Malwarebytes’ Anti-Malware 1.24
Database version: 1043
Windows 5.1.2600 Service Pack 2
After reboot, re-scanned with Malwarebytes, with the three BHO entries a problem, along with the other three Agent keys that had not been found by any other scanner. I cannot delete any of the registry keys.
Malwarebytes’ Anti-Malware 1.24
Database version: 1043
Windows 5.1.2600 Service Pack 2
In this case you need to manually find the entry in the registry and take ownership (permissions) of it and you can them manually delete the key.
Windows, Start, Run and type regedit, you need to be using an account with administrator privileges and navigate to this Key.
HKEY_LOCAL_MACHINE\SOFTWARE\Microsoft\Windows\CurrentVersion\Explorer\Browser Settings.
First export this key (right click menu) before doing anything else, give it a meaningful name that you can remember what it is for. Right click on this key, select Permissions, choose your account name and then tick Full Control, Allow in the bottom half of the window and click OK. This ensures you have permission to do what is necessary.

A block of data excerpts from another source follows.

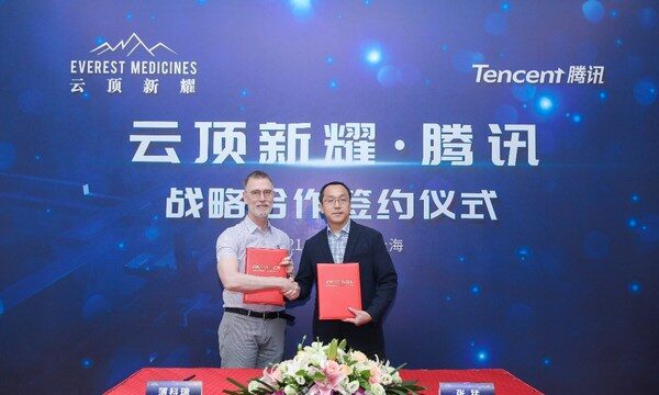 上海2021年7月12日 /新闻稿网 - Xinwengao.com/ — 云顶新耀(Everest Medicines ,HKEX 1952.HK),一家专注于创新药开发及商业化的生物制药公司,致力于满足大中华区,以及亚洲其他市场尚未被满足的医疗需求,公布已于7月10日与腾讯在上海签署战略合作备忘录,双方将充分整合各自领域的专长优势,以创新合作机制,打造便捷的疾病诊疗和管理模式,高效服务医生和患者,提升大众健康管理水平。云顶新耀首席执行官薄科瑞博士与腾讯医疗副总裁张猛先生分别代表双方出席并签署了战略合作备忘录。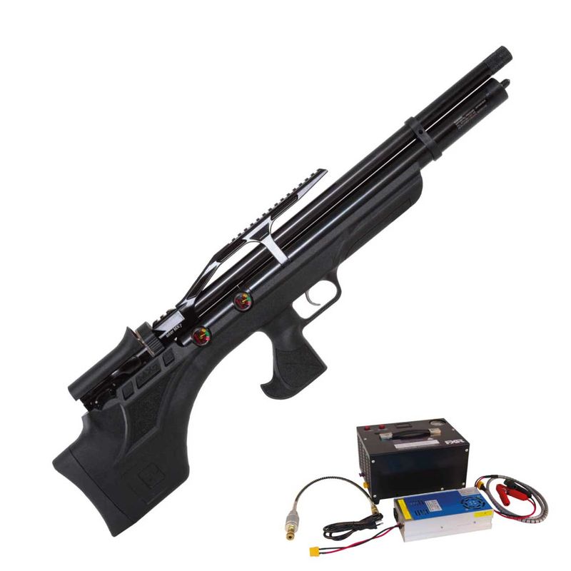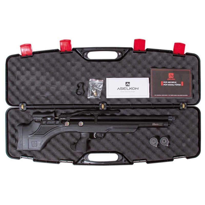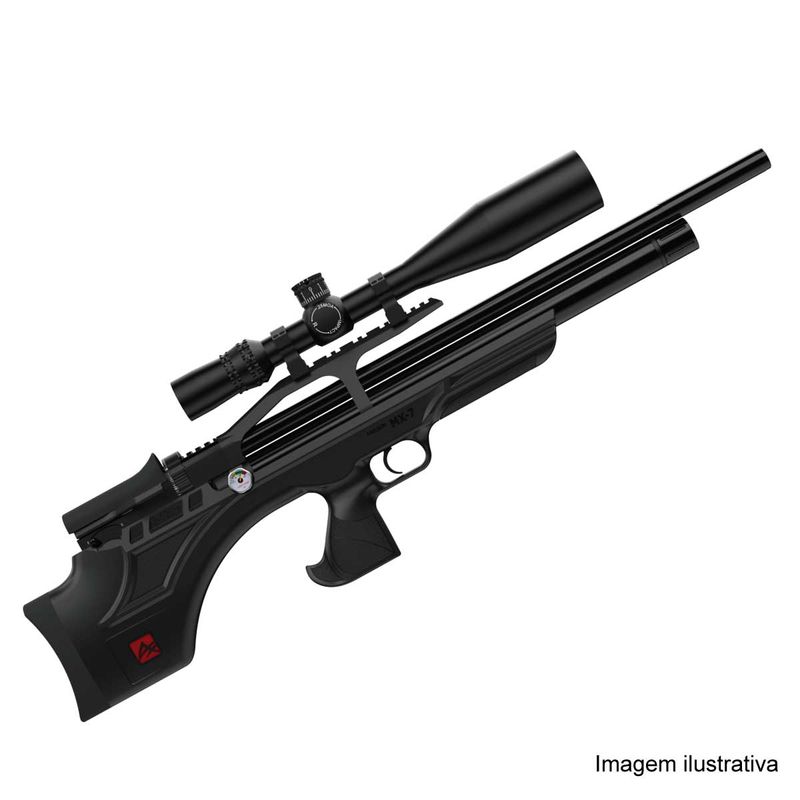 Uma obra de arte! A Carabina PCP MX7 BullPup Synthetic da Aselkon conta com válvula reguladora de pressão, gatilho ajustável e um carregador com capacidade para 12 chumbinhos!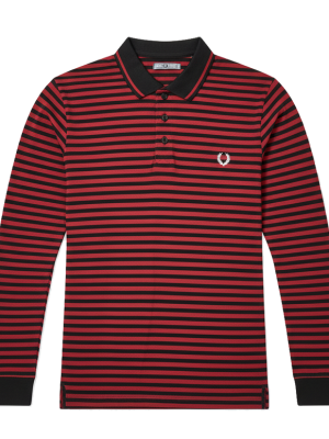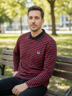 Red & Black Full-Sleeve Cotton Striped Polo Shirt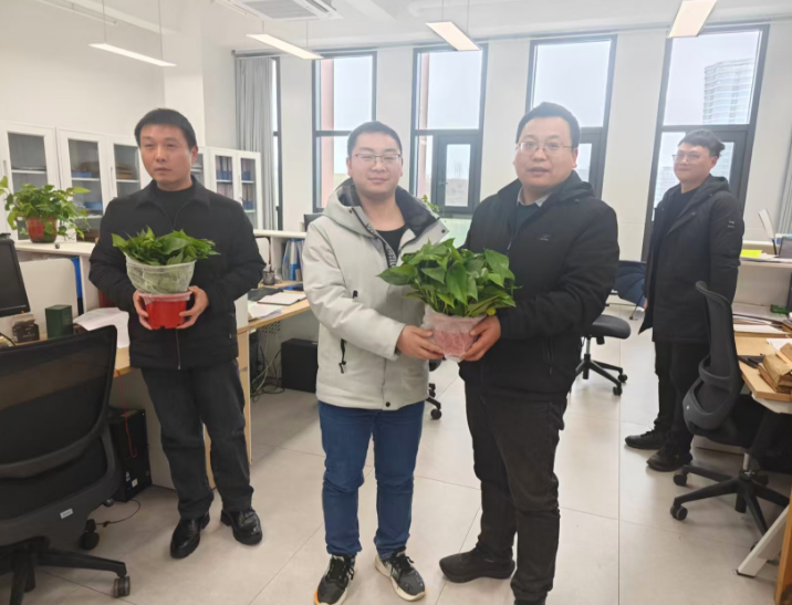 春回大地万物苏,植绿护绿正当时。3月12日植树节当天,太阳成集团tyc539党总支书记兼分工会主席胡志国、党总支副书记陈苗苗带领分工会工作人员,走进学院各办公室,为全体教职工送上精心挑选的绿植盆栽,以实际行动传递组织关怀,美化办公环境,凝聚奋进力量。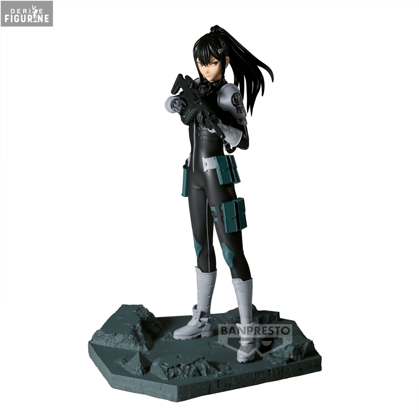 Mina Ashiro, la puissante commandante de la Force de Défense, est représentée ici dans son uniforme de combat, prête à affronter les terrifiants Kaiju. Chaque détail de son costume, de son armure sophistiquée à son arme redoutable, est fidèlement reproduit pour offrir une représentation authentique du personnage tel qu'il apparaît dans la série animée. Son expression déterminée et son regard perçant montrent bien qu'elle est une leader redoutable, prête à protéger l'humanité contre toute menace.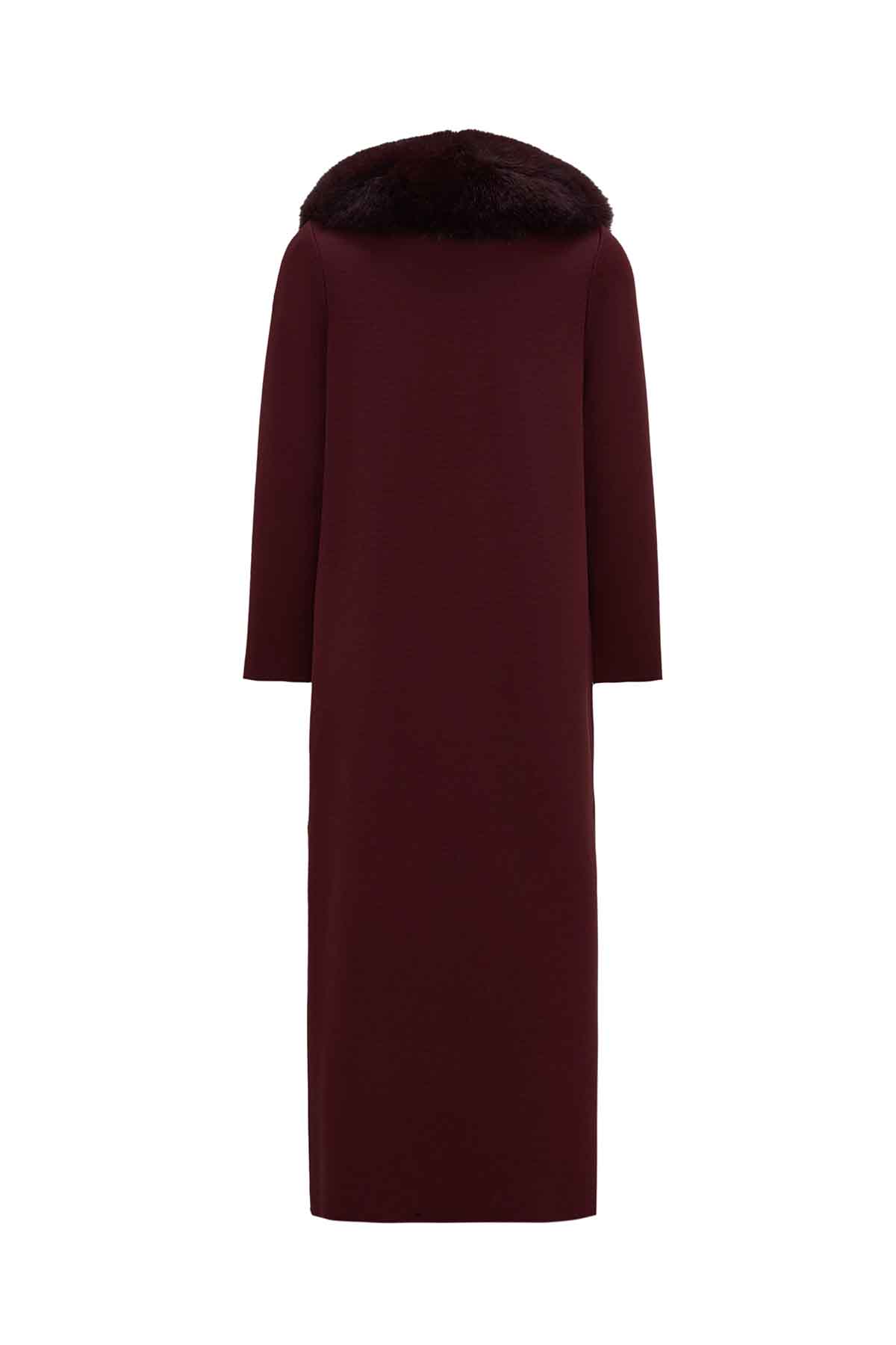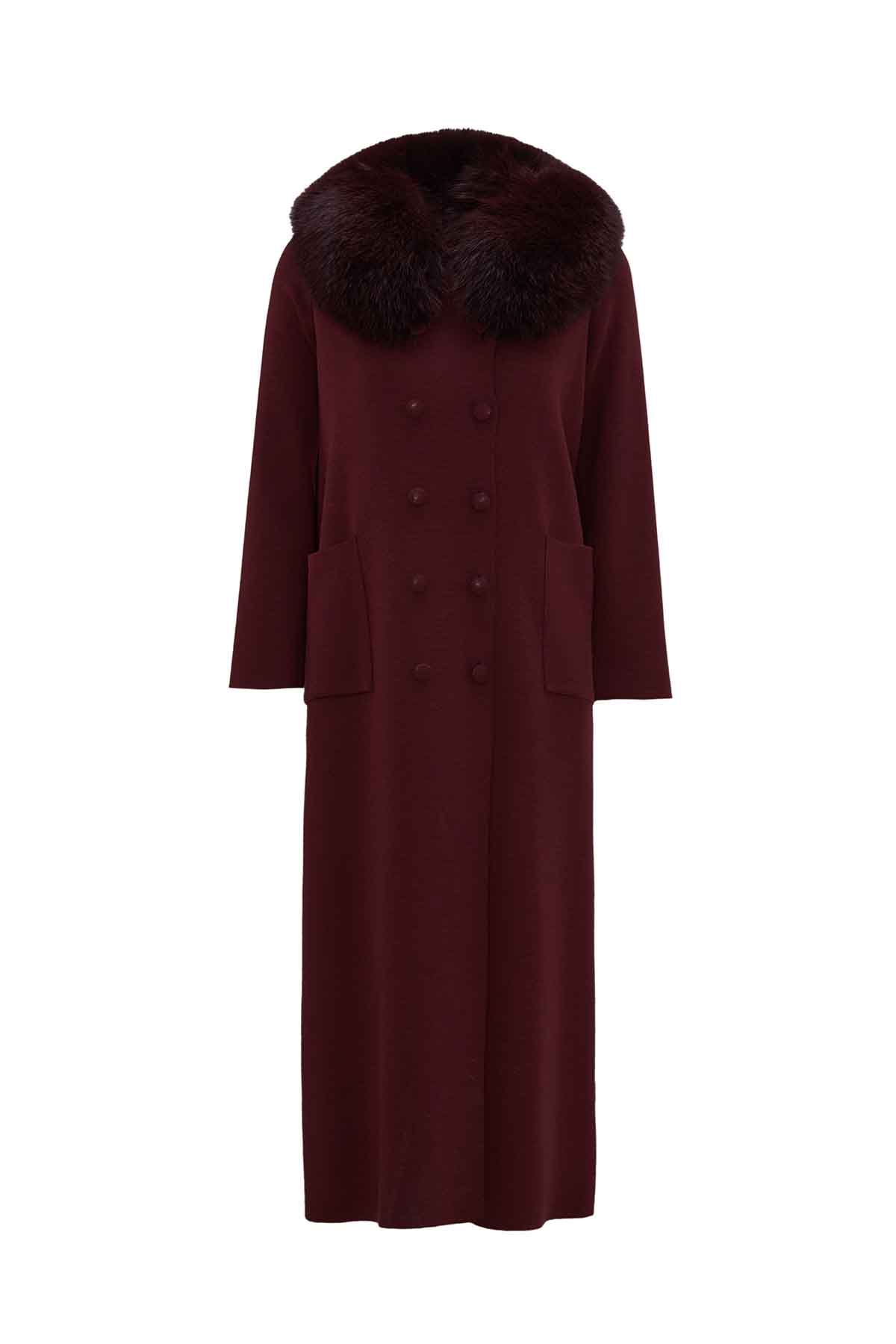 T26K-8001 Yakası Kürklü Uzun Kruvaze Triko Ceket TOGA-BORDO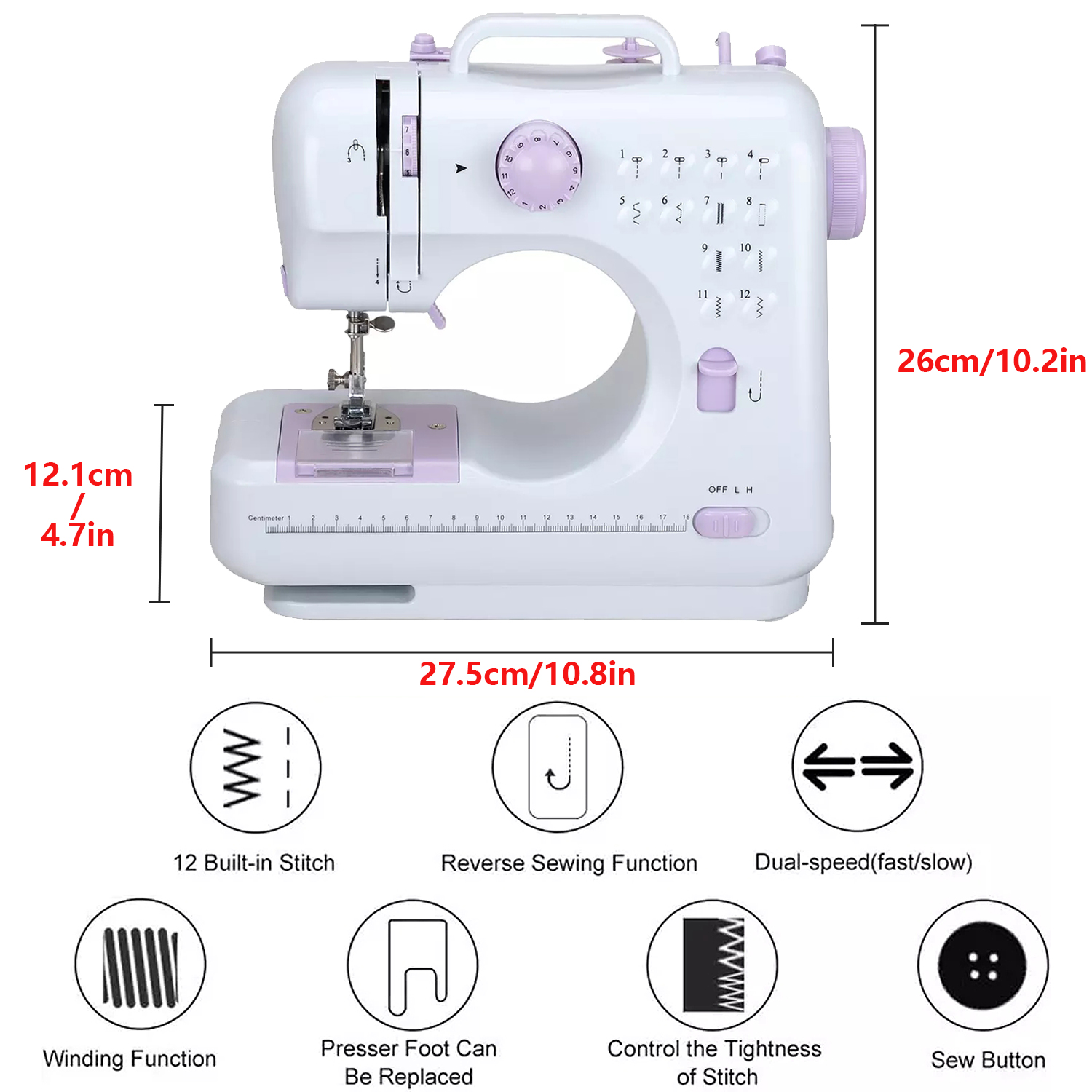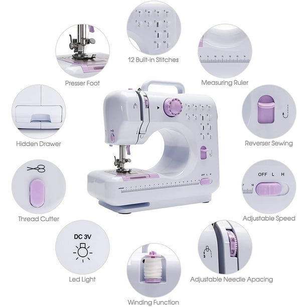 12 Stitches Sewing Machine Multifunctional Mini Portable Sewing Machine Basic Easy To Use For Adults And Kids Two Thread Lockstitch With High Low Adjustable Speeds Walmart Com

You will see the bf, bk and iu sub sections, it is those and only that you need to remove so you need to exercise care as the remainder of the main key is important. First highlight (select) the bf part, right click and select delete, repeat for the bk and iu parts.
The same needs to be done for these (see below), navigate to the key, first export a copy, take ownership and finally delete the elements, {43113acd-c9d0-4007-93aa-29786d4bb0fd} and {43113acd-c9d0-4007-93aa-29786d4bb0fd} in their respective keys (again exercise care and only delete these values and not the entire key.